Knesset to Supreme Court: Reject Petitions against Outpost Regularization Law

The Israeli Knesset. (Photo: File)

The Knesset has called on the Israeli Supreme Court to uphold a controversial law that would retroactively legalize thousands of illegal Israeli settlement homes that have been built on Palestinian land, in response to petitions filed by human rights groups demanding the law’s annulment.

According to a press release published Sunday, the Knesset, Israel’s parliament, urged the court to reject the petitions against the so-called Regularization law, on the grounds that individual Palestinian landowners will be financially compensated for their land that was stolen by Israeli settlers, and because the law concerns outposts established in the past only.

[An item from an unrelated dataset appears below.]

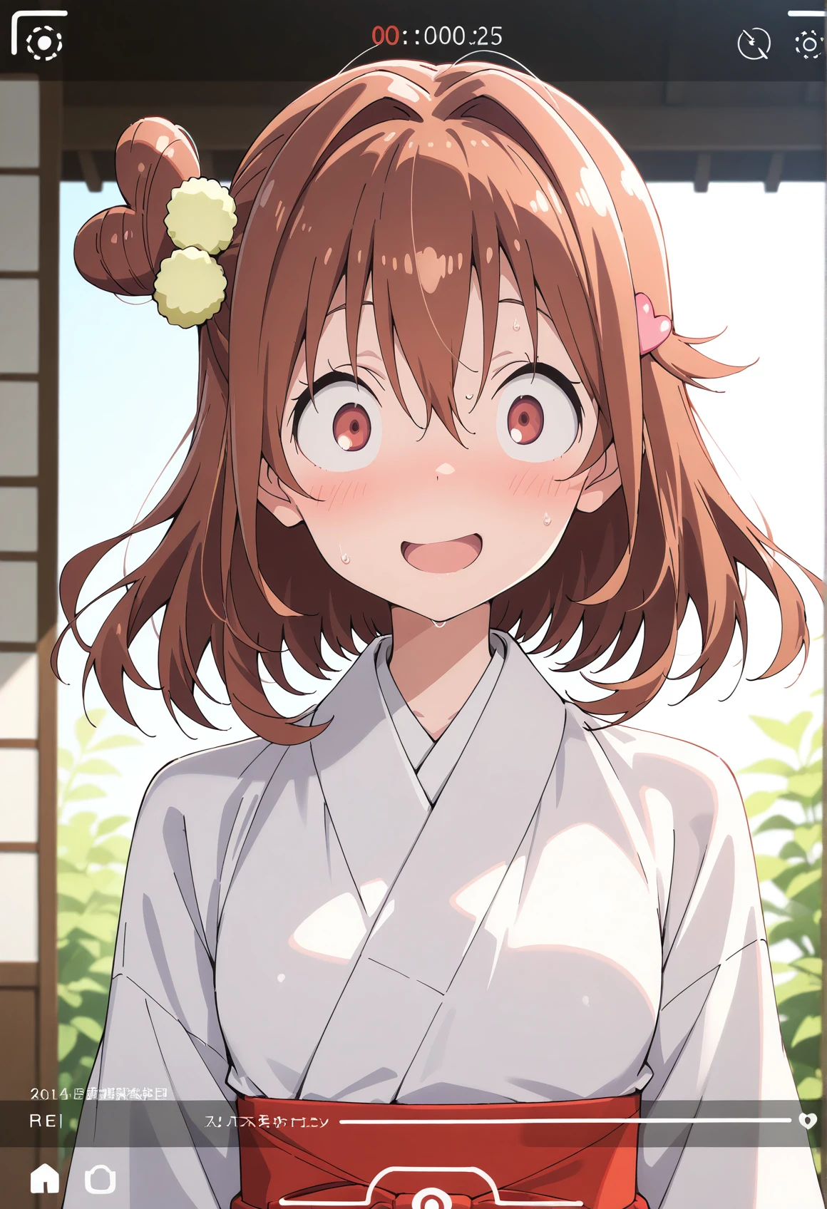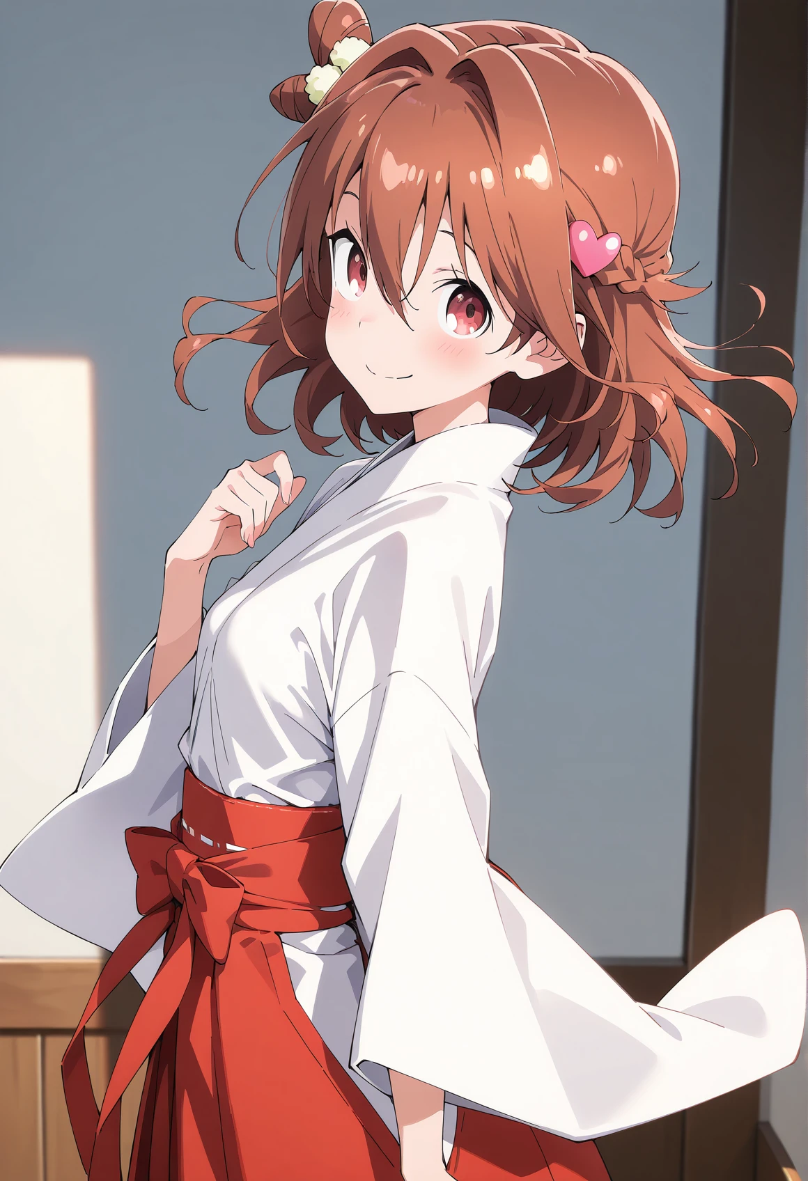 MK_DRESS,miko,japanese clothes,kimono,white kimono,brown hair,hair intakes,hakama skirt,red hakama,heart hair ornament,one side up,short hair,

The Knesset’s legal adviser attorney Eyal Yinon and attorney Avital Sompulinsky submitted the petition on Tuesday.

The law, passed by the Knesset in February, states that any settlements built in the occupied West Bank “in good faith” – without knowledge that the land upon which it was built was privately owned by Palestinians – could be officially recognized by Israel pending minimal proof of governmental support in its establishment and some form of compensation to the Palestinian landowners.

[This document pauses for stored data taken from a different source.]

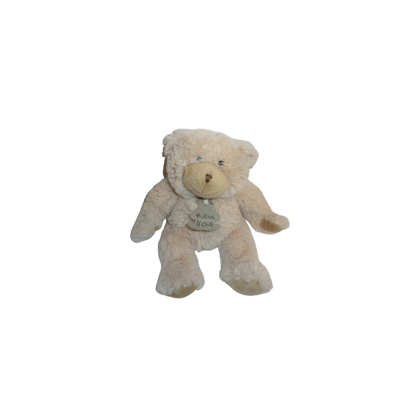 Doudou peluche ours 21 cm environ, billes au popotin et les pattes, marron clair. Etat : Comme neuf (étiquette d'informations coupée). DOUDOU DIFFICILE A TROUVER.Destinataire :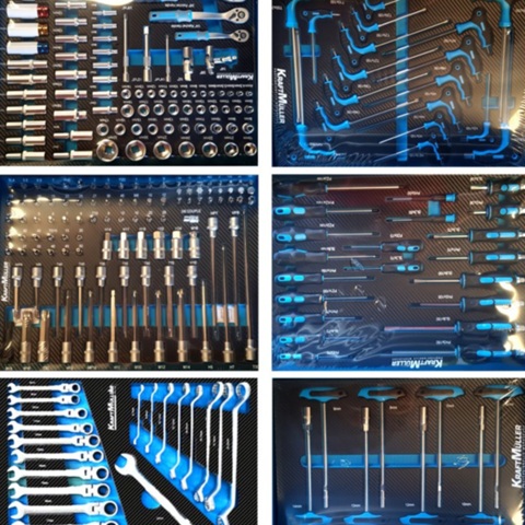 Les modules sont en mousse moulée noire pour un rangement optimal des outils et un look raffiné.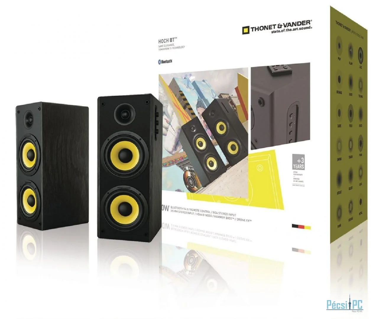 2.0, 70W, 2xRCA, 3,5mm jack, Bluetooth, Távirányító, 50Hz-20kHz, HDAA Box, Black

The rights groups argued that the law was not just a contravention of international law but unconstitutional for Israel, as it “clearly violates the basic law: human dignity and liberty, while forcing authorities to expropriate rights of land ownership and usage from Palestinians for an unlimited time period.”

The estimated 196 government recognized Israeli settlements scattered across the Palestinian territory are all considered illegal under international law.